▸ Your instructions
Starting with the line that has "The porta-potty house, minus" and finishing with the line that has "Thanh lịch &", set down each line below exactly. Pictures are not copied.
::: Extracted material :::
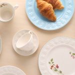 お手持ちのローズモーチーフのティーカップも邪魔せず、華やかに引き立ててくれます。
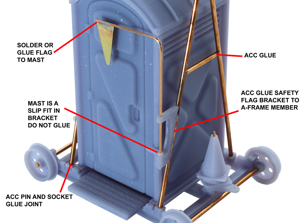The porta-potty house, minus the rail cart, can also be used as a standalone feature placed anywhere near an industry or construction site on your layout. Using this rail cart porta-potty is one sure way to help reduce any Occupational Safety and Health Administration violations that may occur during track maintenance on your modern era railroad.
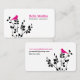 cartões de visitas legal com um bonito pássaro rosa sentado sobre uma árvore preta e silenciada com folhas. Embora únicas, essas placas são uma maneira moderna de se conectar com clientes criativos.
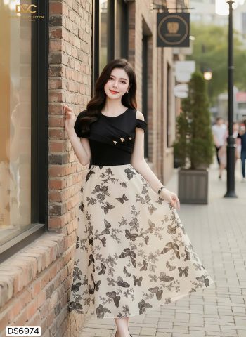 Thanh lịch & cuốn hút cùng mẫu váy DS6974 từ Dolce Viva Collection.Thiết kế tay hở vai tinh tế kết hợp chân váy xoè hoạ tiết bướm nổi bật – lựa chọn hoàn hảo cho nàng yêu phong cách nhẹ nhàng, nữ tính
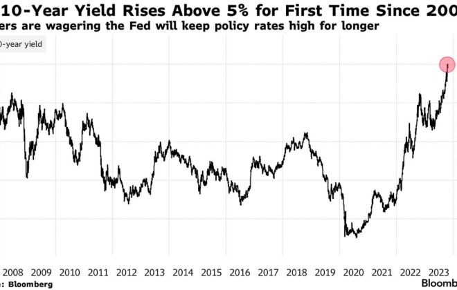 Lunedì i rendimenti dei Treasury a 10 anni hanno superato il 5% per la prima volta dal 2007. L’aumento ha innescato il caos tra gli investitori, ma è improbabile che susciti preoccupazioni presso la Federal Reserve a meno che non diventi più volatile o persistente….
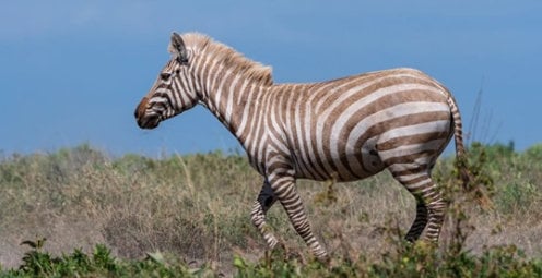 Extrêmement rare, un zèbre albinos également appelé zèbre doré, immortalisé par le photographe Sergio Pitamitz dans le parc national du Serengeti en Tanzanie. (Source - Nat Geo - Wild - France et Nationalgeographic.fr)
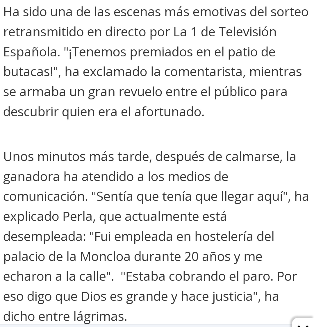Por no hablar de «la perla» del teatro de la Sra peruana con 95 décimos en el bolso y que habiendo recorrido media España estando 3 años en paro se gasta 4000€ en busca del décimo premiado y le toca el gordo en directo…por la TV…¡Cómo debe ser, con dos cojones!
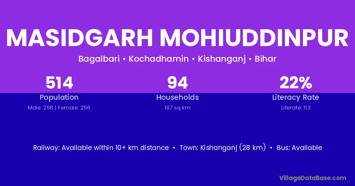 Masidgarh Mohiuddinpur village has a total population of 514 people, of which 258 are males and 256 are females.
:::
▸ Response
The porta-potty house, minus the rail cart, can also be used as a standalone feature placed anywhere near an industry or construction site on your layout. Using this rail cart porta-potty is one sure way to help reduce any Occupational Safety and Health Administration violations that may occur during track maintenance on your modern era railroad.
 cartões de visitas legal com um bonito pássaro rosa sentado sobre uma árvore preta e silenciada com folhas. Embora únicas, essas placas são uma maneira moderna de se conectar com clientes criativos.
 Thanh lịch & cuốn hút cùng mẫu váy DS6974 từ Dolce Viva Collection.Thiết kế tay hở vai tinh tế kết hợp chân váy xoè hoạ tiết bướm nổi bật – lựa chọn hoàn hảo cho nàng yêu phong cách nhẹ nhàng, nữ tính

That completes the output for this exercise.